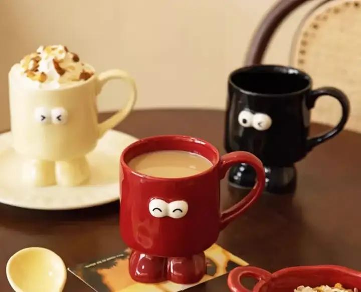 杯身上有可爱的小表情,三款都不一样,还有小脚脚~对啦这款是可以进微波炉的,所以喝点热水牛奶加热麦片都可以,如果想买一对,还有这种礼盒装哦~
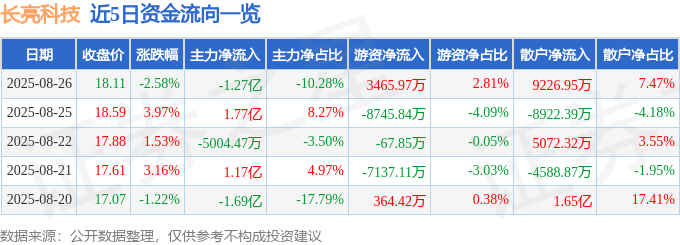 截至2025年8月26日收盘,长亮科技(300348)报收于18.11元,下跌2.58%,换手率9.55%,成交量67.67万手,成交额12.35亿元。
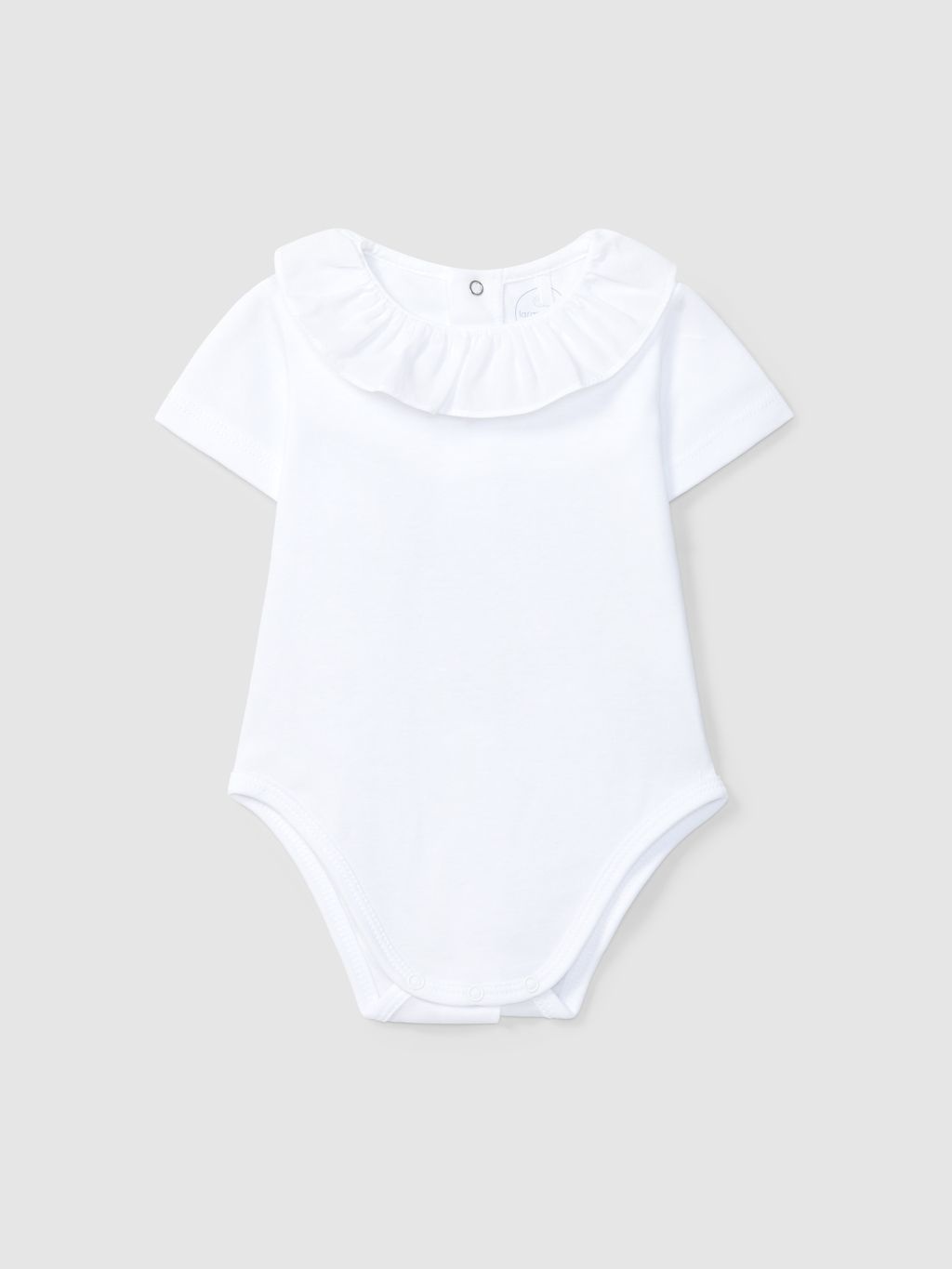 • Short sleeves body with pretty collar, and snap buttons at the back and crotch.
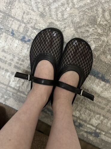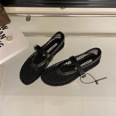 Дизайн: классическая форма Mary Jane с ремешком через подъём и металлической пряжкой. Верх — сетчатый ажур с крупной ячейкой, окантовка и ремешок из гладкого материала под кожу. Внутренняя стелька темная, мягкая. Носок округлый, подошва гибкая.
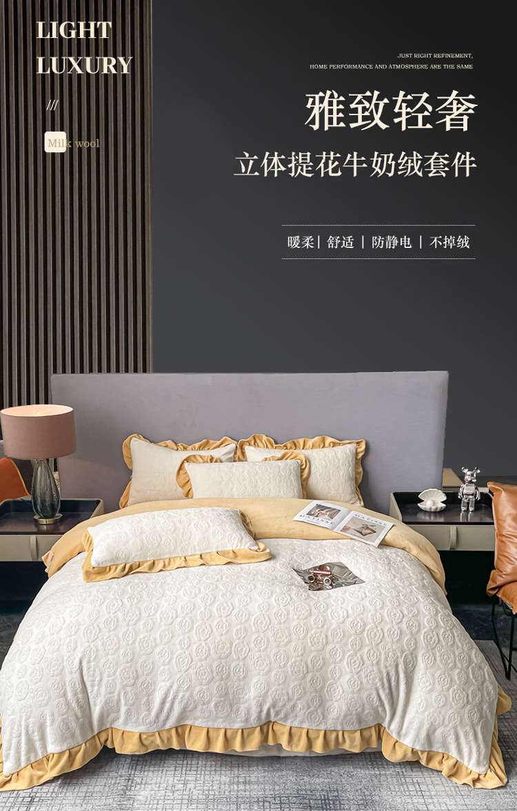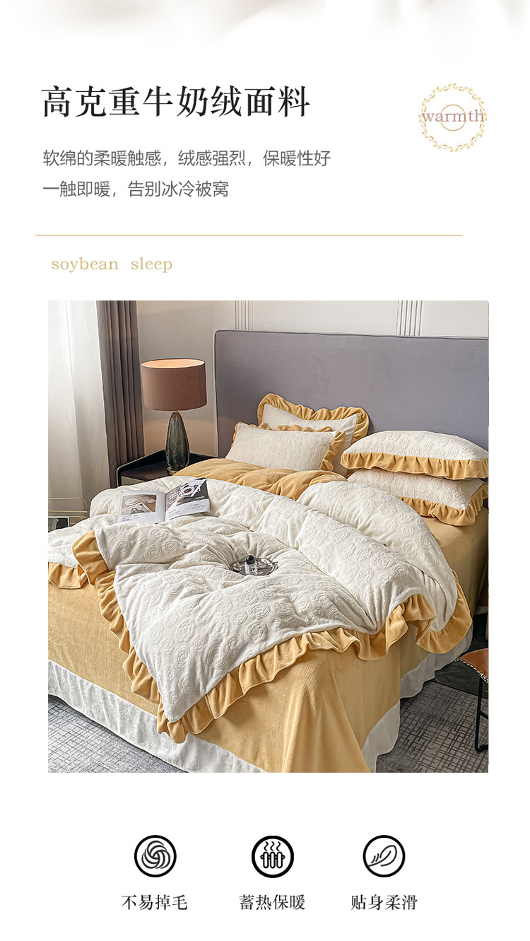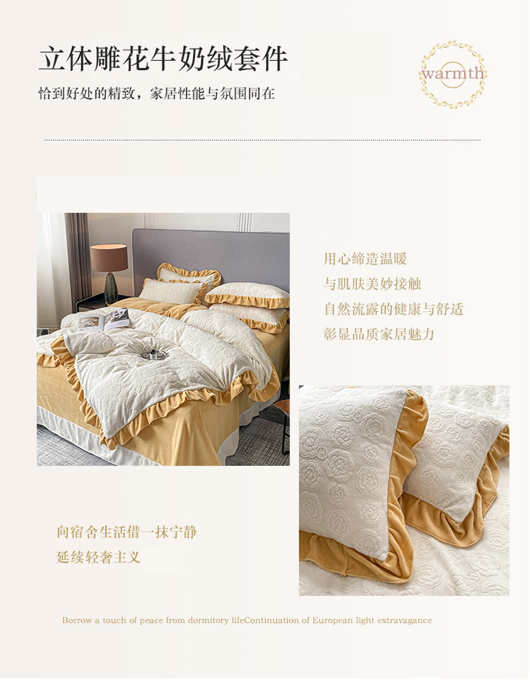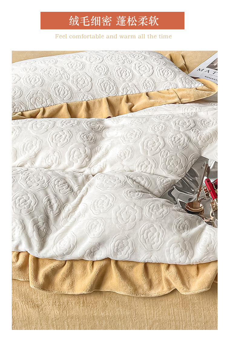 商品名称:野合家纺 2024新款牛奶绒雕花绒四件套韩版花边绒套件 香茶花-杏仁粉

------------------------------

▶ **TASK GOAL**: Exclude every picture, then reproduce the remaining data character for character.

▶ **SOLUTION FOR THIS TASK**:
 杯身上有可爱的小表情,三款都不一样,还有小脚脚~对啦这款是可以进微波炉的,所以喝点热水牛奶加热麦片都可以,如果想买一对,还有这种礼盒装哦~
 截至2025年8月26日收盘,长亮科技(300348)报收于18.11元,下跌2.58%,换手率9.55%,成交量67.67万手,成交额12.35亿元。
 • Short sleeves body with pretty collar, and snap buttons at the back and crotch.
 Дизайн: классическая форма Mary Jane с ремешком через подъём и металлической пряжкой. Верх — сетчатый ажур с крупной ячейкой, окантовка и ремешок из гладкого материала под кожу. Внутренняя стелька темная, мягкая. Носок округлый, подошва гибкая.
 商品名称:野合家纺 2024新款牛奶绒雕花绒四件套韩版花边绒套件 香茶花-杏仁粉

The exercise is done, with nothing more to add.